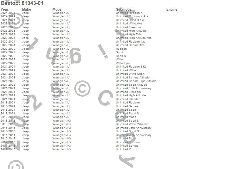 Below is an abbreviated list of applications for the All Weather Trail Cover For Jeep.Wrangler, Wrangler (JK), Wrangler (JL), Jeep, 2026, 2024, 2023, 2022, 2021, 2020, 2019, 2018, 2017, 2016, 2015, 2014, 2013, 2012, 2011, 2010
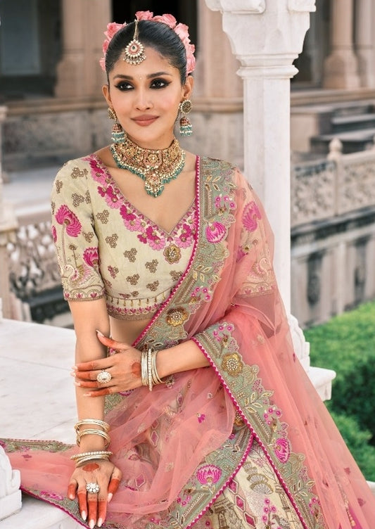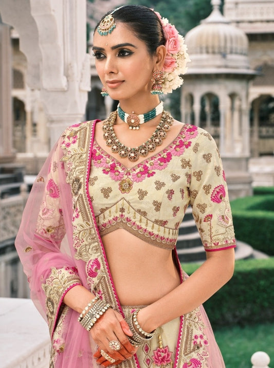 Sublime Cream Fancy Silk Bridal Lehenga
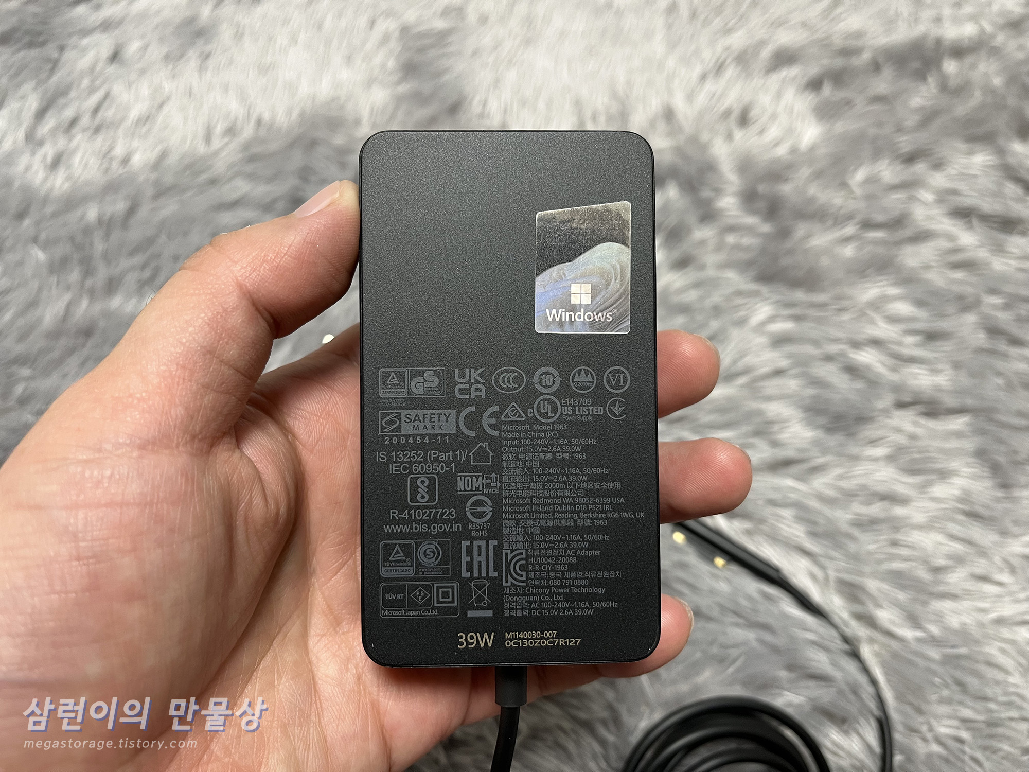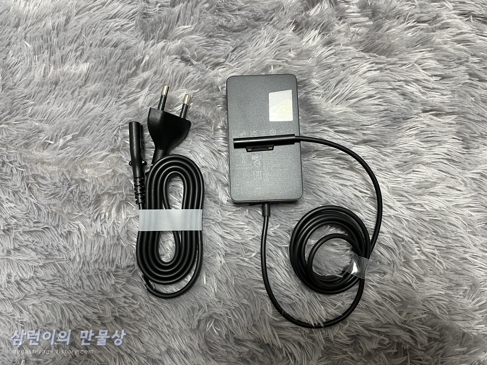 충전기 입니다. 전원 케이블과 충전기 본체로 구성되어 있습니다. 서피스 전용 충전기 포트와 연결되도록 구성되어 있습니다.

════════

» **Problem description**
Would you set down the material exactly as it stands, without the pictures?

» **Problem solution**
 Below is an abbreviated list of applications for the All Weather Trail Cover For Jeep.Wrangler, Wrangler (JK), Wrangler (JL), Jeep, 2026, 2024, 2023, 2022, 2021, 2020, 2019, 2018, 2017, 2016, 2015, 2014, 2013, 2012, 2011, 2010
 Sublime Cream Fancy Silk Bridal Lehenga
 충전기 입니다. 전원 케이블과 충전기 본체로 구성되어 있습니다. 서피스 전용 충전기 포트와 연결되도록 구성되어 있습니다.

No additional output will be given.